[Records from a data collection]
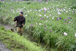山崎さんが朝5時から草抜き作業を行なっていました、「今週末は花しょうぶ祭、きれいな花を見て欲しい」。
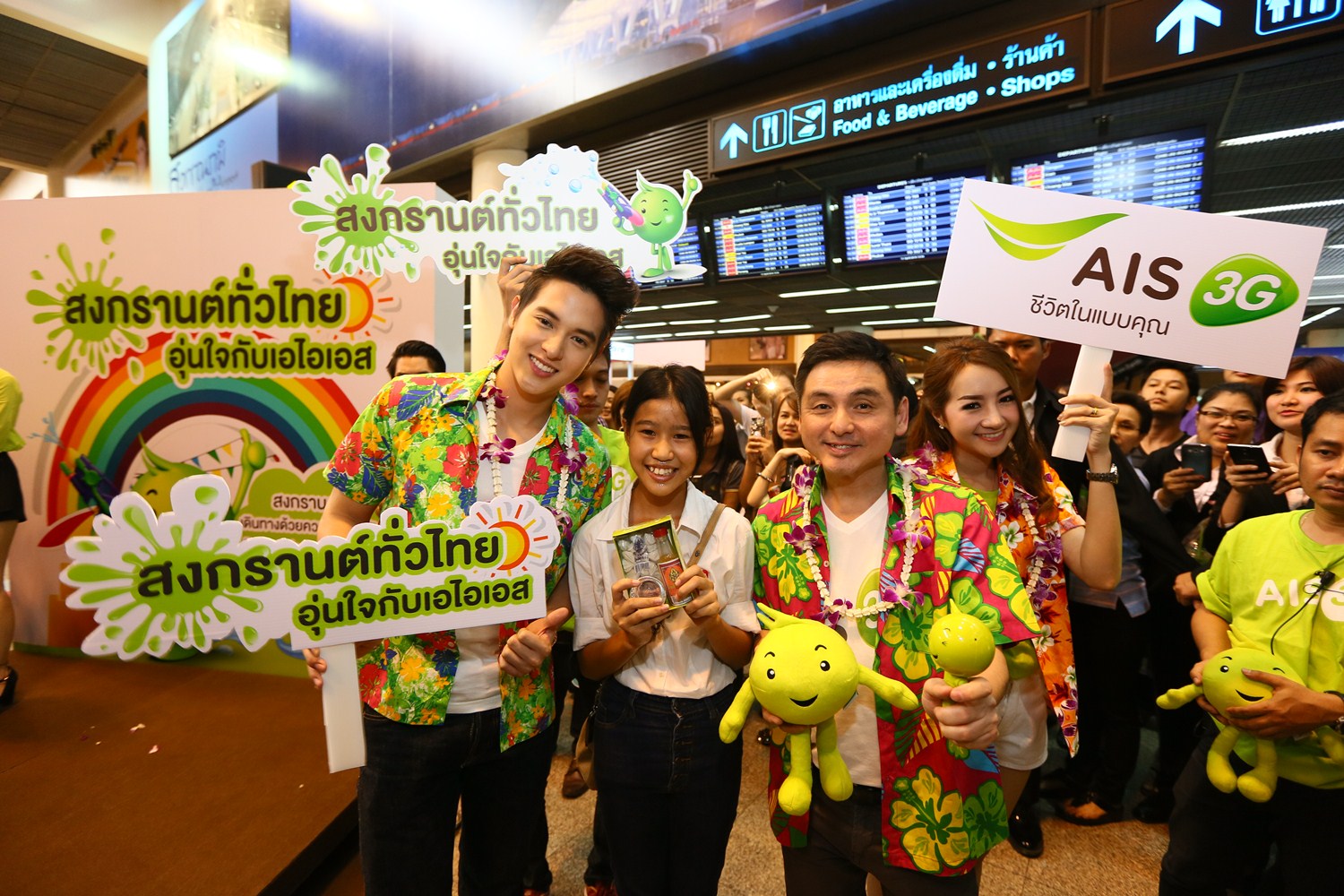 เอไอเอส 3G 2100 นำโดย คุณสมชัย เลิศสุทธิวงค์ หัวหน้าคณะผู้บริหารด้านการตลาด ร่วมส่งพี่น้องชาวไทยให้กลับบ้านไปหาครอบครัวอย่างอบอุ่น กับกิจกรรม “สงกรานต์ทั่วไทย อุ่นใจกับเอไอเอส” พร้อมแจกปืนฉีดน้ำ หมวก และซองกันน้ำอุ่นใจที่มาพร้อมกับฟังก์ชั่นกันกระแทก ป้องกันมือถือให้ปลอดภัย ให้เล่นน้ำกันอย่างสนุกสนานไร้กังวล นอกจากนี้ยังมีบริการเติมเงินให้กับลูกค้าเอไอเอส ณ ประตูสู่การเดินทางที่สนามบินดอนเมือง และสถานีรถไฟหัวลำโพง โดยมีพรีเซ็นเตอร์ เจมส์ จิรายุ ตั้งศรีสุข มาร่วมมอบความอุ่นใจในครั้งนี้ด้วย
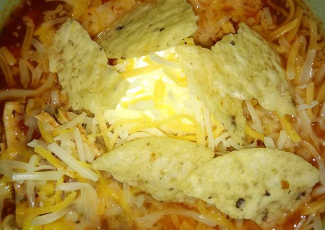 - 1 Optional Garnishes- avocado, shredded cheese, sour cream, lime, and tortilla chips (broken into pieces)
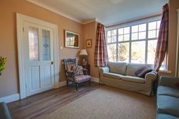 Smooth and coved ceiling, double glazed box bay window to front, vertical open column radiator, wood burner, original style fire place, laminate floor.
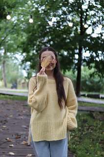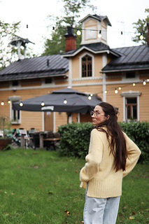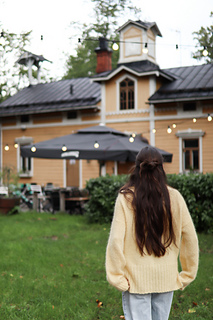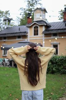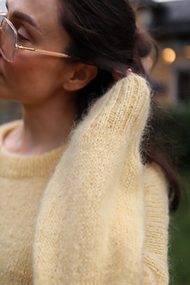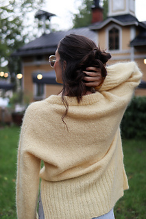 Lanka: 450 (550) 650 (750) g Novita Hehku (125 m / 50 g, 70 % mohair ja 40 % villa, sävy 205) TAI ominaisuuksiltaan ja juoksevuudeltaan vastaavaa lankaa noin 1160 (1365) 1605 (1845) m.
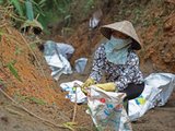 Khu vực trống còn lại hơn 900m2 bà Vân đào 3 hố để chôn lấp chất thải và để lộ thiên 6 đống chất thải với tổng trọng lượng là hơn 2.100 tấn. Qua kiểm tra, bà Dương Thị Vân không cung cấp được hồ sơ giấy tờ liên quan đến công tác chấp hành các quy định pháp luật về bảo vệ môi trường trong quá trình chôn, lấp, đổ chất thải.
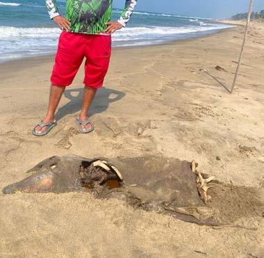 Fueron pescadores y pescadores del Ejido Colorado y Guillermo Prieto quienes reportaron la presencia del espécimen a la altura del kilómetro 15 sobre la franja costera. En los alrededores sobre la playa también fueron localizados restos aceitosos de material petrolífero que ha recalado a esta zona.
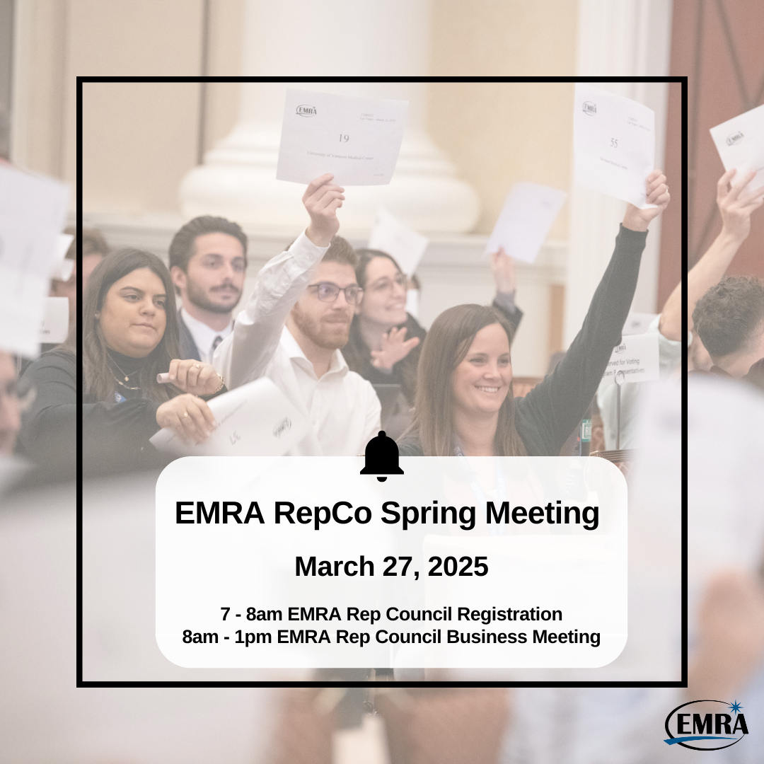 The Policy Review committee meets between the fall and spring meetings largely through email. This committee is composed of your Council Officers, the EMRA President and Immediate Past President, the Legislative Advisor, and two program representatives. The committee is appointed sixty days prior to the fall Representative Council meeting. If you are interested in serving, please email EMRA Staff with your curriculum vitae by the deadline.
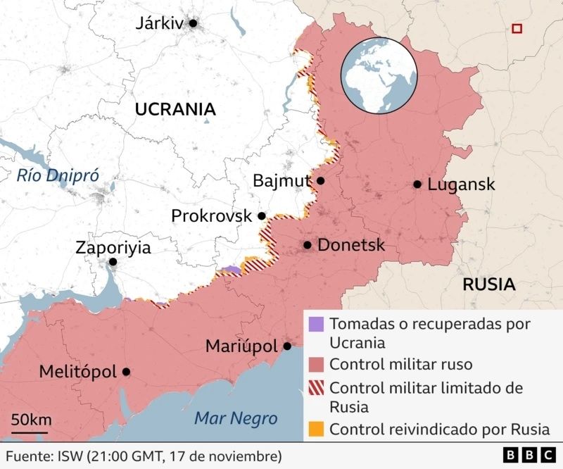 Más de 1.000 km2 han sido tomados entre el 1 de septiembre y el 3 de noviembre, sugiriendo que la ofensiva se aceleró en meses recientes. Dos áreas que han recibido el golpe de estos avances son Kúpiansk, en la región de Járkiv, y Kurájove, un trampolín al eje logístico clave de Pókrovsk, en la región de Donetsk.
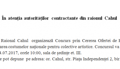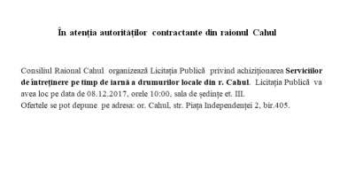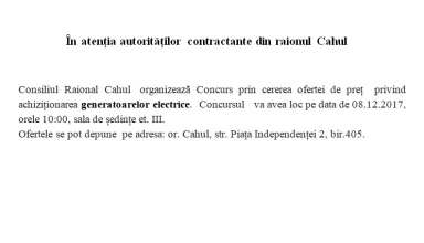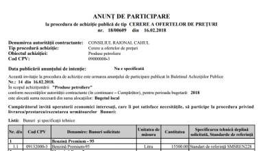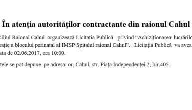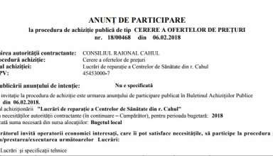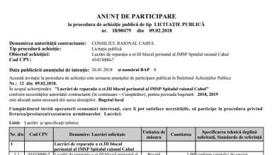 Achiziții publice Anunț de participare la procedura de achiziție publică de tip CERERE A OFERTELOR DE PREȚURI
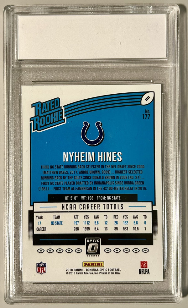 Nyheim Hines 2018 Optic Rated Rookie BMG 10 GEM MINT Indianapolis Colts
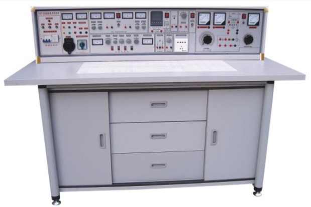 (一)實驗桌:學生實驗桌 12 張,一桌二座,實驗桌外形尺寸為 160 × 70 × 80cm 。桌子中央配置九孔電路插板,電路板注塑而成,表面布有九孔成一組相互聯通的插孔,元件盒在其上任意拼插成實驗電路。元件盒盒體透明直觀,內裝電阻、電容、電感、二極管、三極管、場效應管、可控硅等元件來完成原理實驗。內裝元件一目了然,盒蓋印有元件符號,線條清晰美觀。盒體與盒蓋采用較科學的壓卡式結構,維修、拆裝方便。繼電部分訓練元器件已裝在特制的元件盒上,實訓時插在九孔電路板上即可連線實驗,方便,靈活。電子技能實訓項目由二十幾套實訓電路板和相應元器件來完成。每張操作桌配有一粒膠皮板,保護通用電路板和桌面 ( 如需要在桌上放置電動機,焊接等 ) 桌子下部是元器件儲存柜,放置實驗元件、器材、工具等。
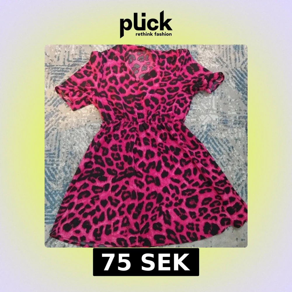 Säljer en riktigt cool kortklänning med leopardmönster i rosa och svart. Klänningen har v-ringning och korta ärmar, samt en markerad midja som ger en snygg siluett. Perfekt för dig som vill sticka ut och älskar djurmönster!
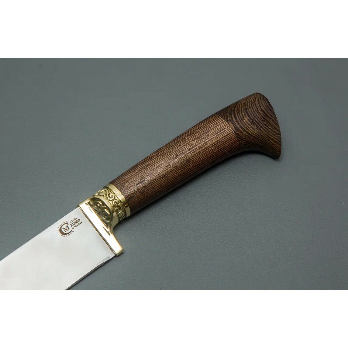 Мастерская Сёмина является известным производителем высококачественных туристических ножей в России. Отличительной особенностью ножей мастерской Сёмина является то, что они создаются вручную, что делает каждый нож уникальным. Клинок ножа выполнен из инструментальной стали марки Х12МФ с твердостью закалки 57-62 HRC по роквеллу. У данной стали уникальные технические показатели, что во многом объясняется химическим составом. Оптимальный процент углерода обеспечивает особую устойчивость к износу, поэтому изделие с такой маркировкой очень долго будет оставаться острым. Клинок с профилем Trailing Point является отличным выбором для выполнения задач, требующих хорошей режущей способности и контроля. Он идеально подходит для резки мягких материалов. Прямая заточка - это классическая и универсальная форма заточки, которая обеспечивает отличную режущую способность и простоту ухода за ножом. Полированный клинок выглядит очень элегантно и привлекательно: гладкая и блестящая поверхность придает ножу роскошный, профессиональный вид. Деревянная рукоять ножа имеет естественную текстуру, цвет и уникальные узоры, что придает ножу неповторимый и привлекательный внешний вид. Такая рукоять приятна на ощупь и комфортна при длительном использовании ножа, она не будет чувствоваться холодной или горячей при контакте с рукой. Туристический нож Узбекский - отличный выбор в качестве подарка для любителей активного отдыха на природе. Этот нож обладает всеми необходимыми качествами, чтобы стать надежным и функциональным спутником в походах, охоте, рыбалке и других активностях на открытом воздухе. Не относится к холодному оружию, сертификат прилагается. Разрешено свободное хранение и ношение.
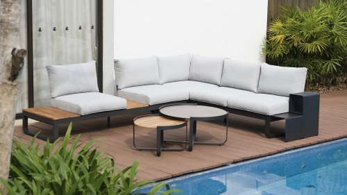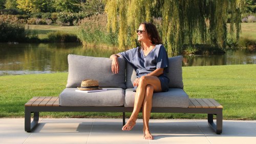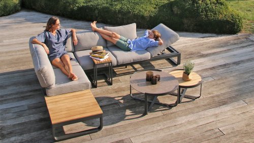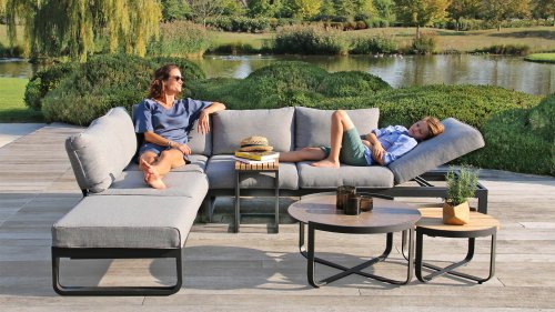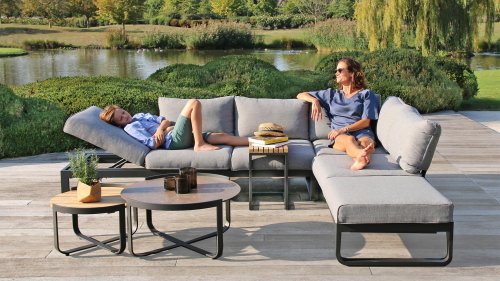 De Fly Lounge van Zebra bestaat uit verschillende modules die met elkaar gecombineerd kunnen worden. Of het nu gaat om een ruime loungecombinatie bestaande uit een driezitsbank met verstelbare rugleuning en een tweezitsbank met teakhouten inzetstukken of gewoon een loungebank - de verschillende modules zijn individueel samen te stellen, zodat er voor ieder wat wils is. elke smaak en elke ruimtelijke situatie. Naast de loungemodules zijn er ook bijzettafels, een voetenbank en een bijzettafel verkrijgbaar.
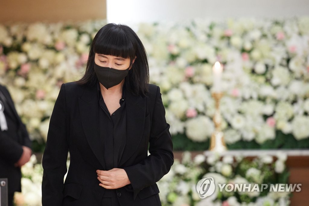 고인의 유작이 된 영화 '정이'(가제)를 연출한 연상호 감독은 전날 저녁 늦게까지 빈소에서 장례 절차를 준비했고, 이날도 빈소를 찾아 지하 2층 빈소와 1층을 오가며 조문객을 맞았다.
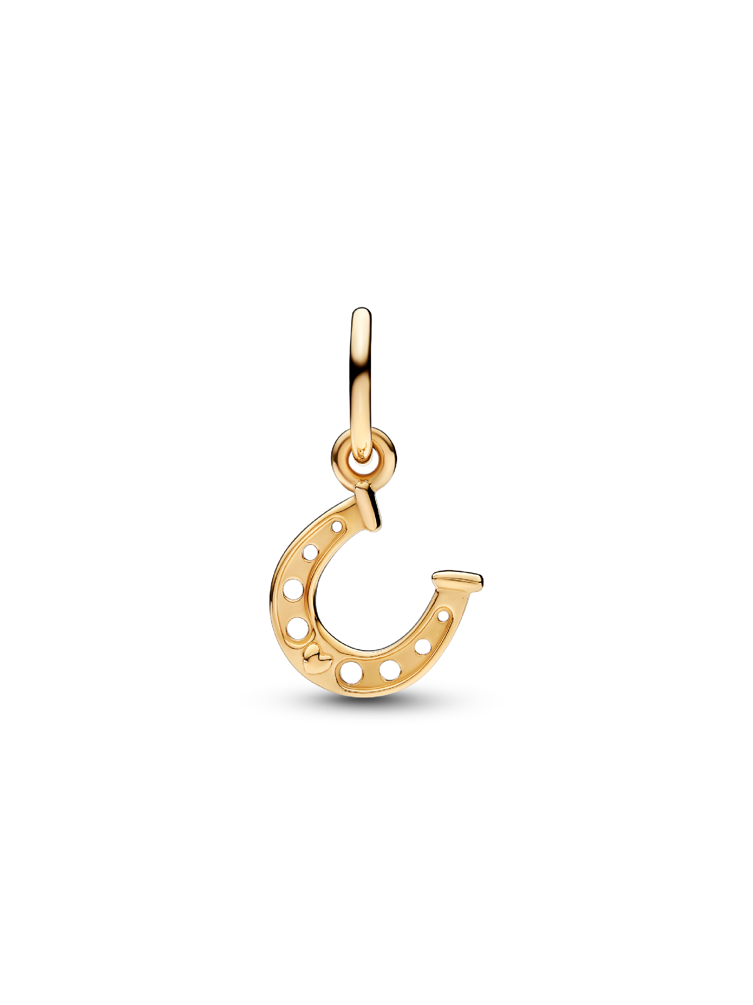 A symbol of love and luck for you or your nearest and dearest. The Lucky Horseshoe Dangle Charm is crafted in solid 14k gold for an elevated take on a classic symbol. The horseshoe is attached to the bail from one end and features a row of cut-out circles and a raised heart at the center on both sides.

(WHAT YOU WILL DO): From the records above, transcribe only the stretch from the line with "(一)實驗桌:學生實驗桌 12 張,一桌二座,實驗桌外形尺寸為" through the line with "Säljer en riktigt", keeping both ends. Omit pictures.

(FINISHED EXERCISE):
 (一)實驗桌:學生實驗桌 12 張,一桌二座,實驗桌外形尺寸為 160 × 70 × 80cm 。桌子中央配置九孔電路插板,電路板注塑而成,表面布有九孔成一組相互聯通的插孔,元件盒在其上任意拼插成實驗電路。元件盒盒體透明直觀,內裝電阻、電容、電感、二極管、三極管、場效應管、可控硅等元件來完成原理實驗。內裝元件一目了然,盒蓋印有元件符號,線條清晰美觀。盒體與盒蓋采用較科學的壓卡式結構,維修、拆裝方便。繼電部分訓練元器件已裝在特制的元件盒上,實訓時插在九孔電路板上即可連線實驗,方便,靈活。電子技能實訓項目由二十幾套實訓電路板和相應元器件來完成。每張操作桌配有一粒膠皮板,保護通用電路板和桌面 ( 如需要在桌上放置電動機,焊接等 ) 桌子下部是元器件儲存柜,放置實驗元件、器材、工具等。
 Säljer en riktigt cool kortklänning med leopardmönster i rosa och svart. Klänningen har v-ringning och korta ärmar, samt en markerad midja som ger en snygg siluett. Perfekt för dig som vill sticka ut och älskar djurmönster!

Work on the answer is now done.